SUPPLIED MATERIAL:
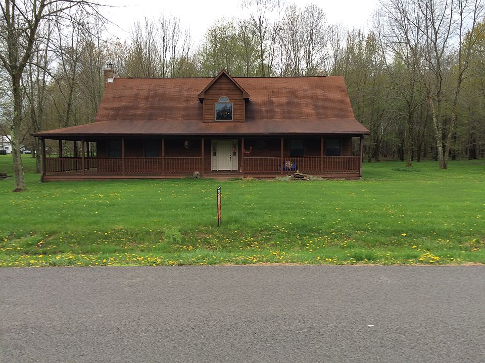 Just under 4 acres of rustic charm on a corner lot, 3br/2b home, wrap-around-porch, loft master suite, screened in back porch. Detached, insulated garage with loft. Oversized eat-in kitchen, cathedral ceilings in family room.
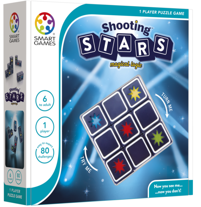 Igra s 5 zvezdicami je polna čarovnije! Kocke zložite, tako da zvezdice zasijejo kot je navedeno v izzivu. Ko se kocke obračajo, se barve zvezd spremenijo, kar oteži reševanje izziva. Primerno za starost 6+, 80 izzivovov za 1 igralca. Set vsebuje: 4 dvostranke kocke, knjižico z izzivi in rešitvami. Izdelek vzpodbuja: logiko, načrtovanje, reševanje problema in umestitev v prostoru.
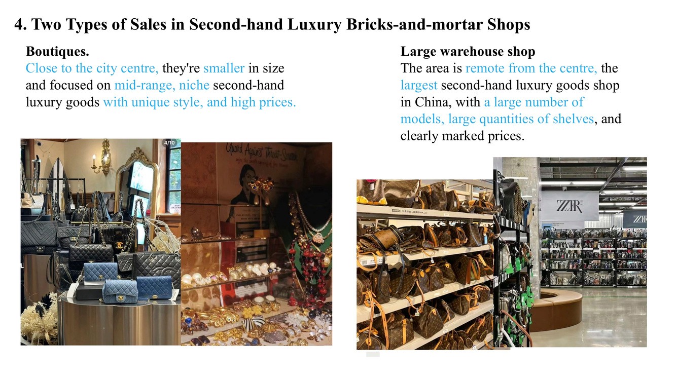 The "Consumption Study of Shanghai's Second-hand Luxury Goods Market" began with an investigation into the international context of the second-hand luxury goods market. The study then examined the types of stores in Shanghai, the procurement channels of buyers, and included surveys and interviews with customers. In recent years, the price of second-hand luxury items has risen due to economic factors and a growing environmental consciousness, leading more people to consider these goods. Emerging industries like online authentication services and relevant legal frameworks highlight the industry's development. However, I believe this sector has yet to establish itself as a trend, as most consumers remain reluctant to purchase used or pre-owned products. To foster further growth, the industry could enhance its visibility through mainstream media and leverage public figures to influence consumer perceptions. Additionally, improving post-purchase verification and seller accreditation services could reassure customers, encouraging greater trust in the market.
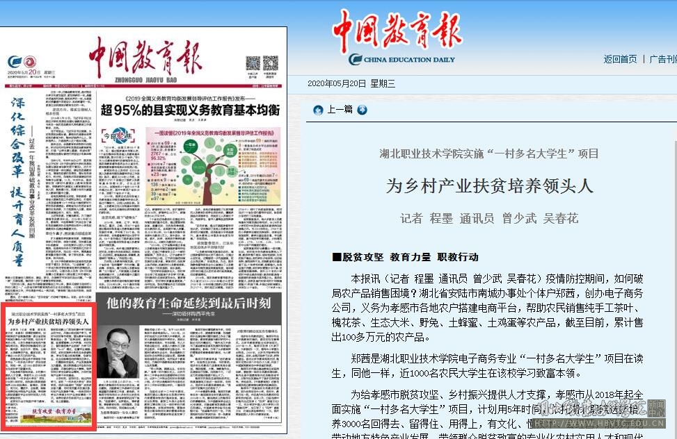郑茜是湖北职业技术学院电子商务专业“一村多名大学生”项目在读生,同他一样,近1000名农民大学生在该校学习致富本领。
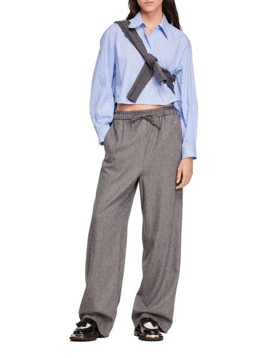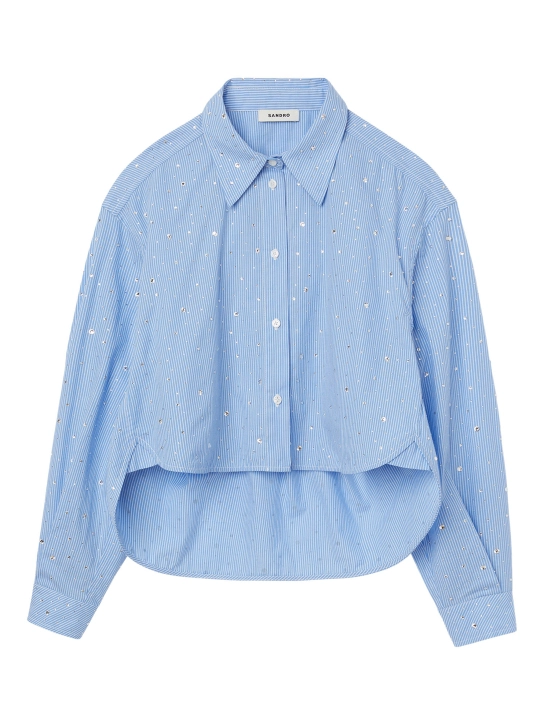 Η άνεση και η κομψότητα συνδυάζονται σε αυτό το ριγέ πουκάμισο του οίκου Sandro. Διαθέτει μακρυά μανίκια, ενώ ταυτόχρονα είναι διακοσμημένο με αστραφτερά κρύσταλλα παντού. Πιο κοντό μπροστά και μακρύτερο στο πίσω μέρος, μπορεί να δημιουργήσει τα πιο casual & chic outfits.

--

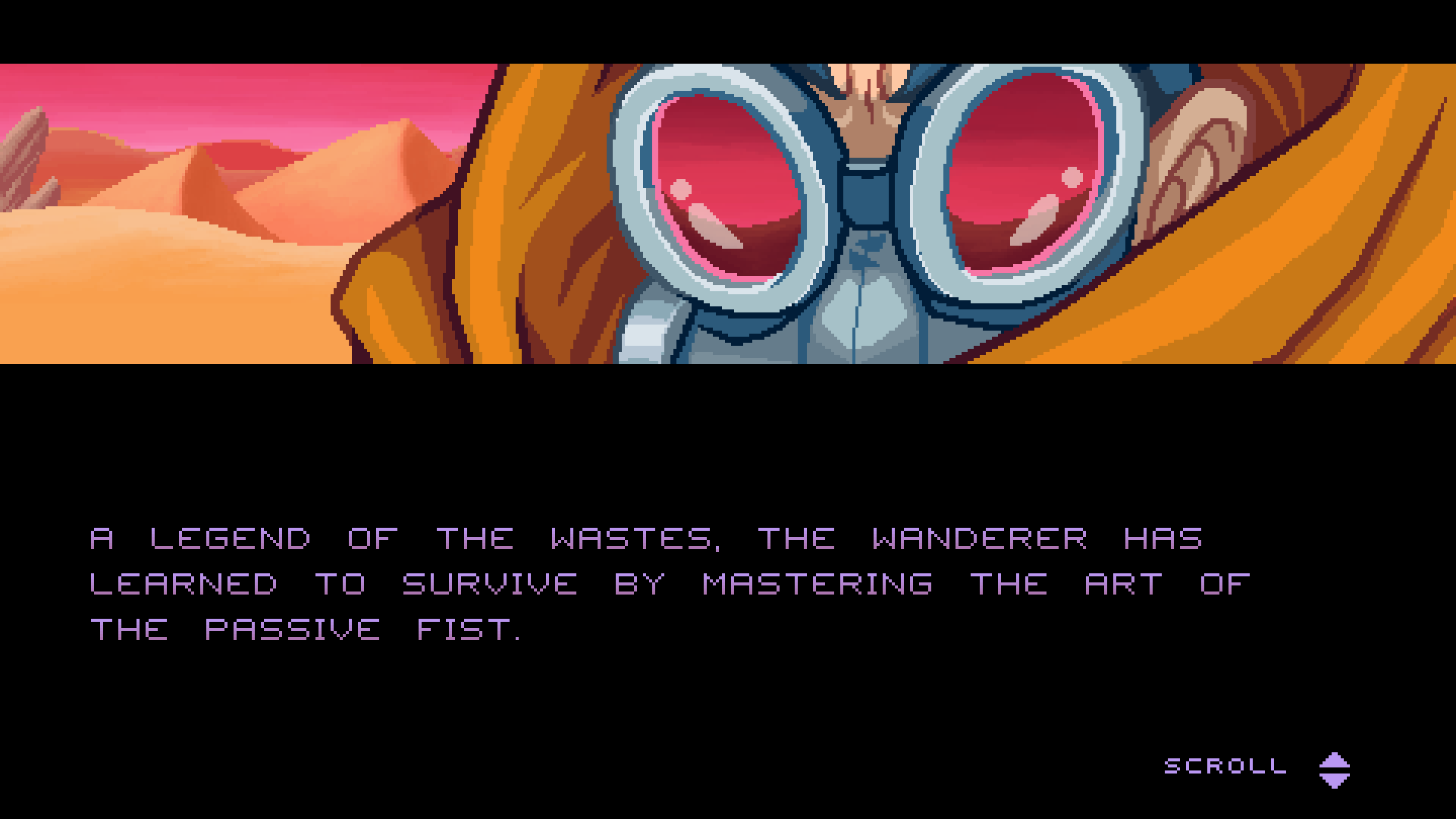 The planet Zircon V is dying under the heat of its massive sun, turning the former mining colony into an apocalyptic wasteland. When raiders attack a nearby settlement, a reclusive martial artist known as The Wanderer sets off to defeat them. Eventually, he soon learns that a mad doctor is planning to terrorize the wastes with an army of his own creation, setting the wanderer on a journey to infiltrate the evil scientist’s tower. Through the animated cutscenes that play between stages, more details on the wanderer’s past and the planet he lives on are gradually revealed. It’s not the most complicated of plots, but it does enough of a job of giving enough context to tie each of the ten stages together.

ACTIVITY: Out of the records above, set down only the lines from the one that contains "郑茜是湖北职业技术学院电子商" through the one that contains "Η άνεση και", unchanged and without the pictures.

TASK SOLUTION:
郑茜是湖北职业技术学院电子商务专业“一村多名大学生”项目在读生,同他一样,近1000名农民大学生在该校学习致富本领。
 Η άνεση και η κομψότητα συνδυάζονται σε αυτό το ριγέ πουκάμισο του οίκου Sandro. Διαθέτει μακρυά μανίκια, ενώ ταυτόχρονα είναι διακοσμημένο με αστραφτερά κρύσταλλα παντού. Πιο κοντό μπροστά και μακρύτερο στο πίσω μέρος, μπορεί να δημιουργήσει τα πιο casual & chic outfits.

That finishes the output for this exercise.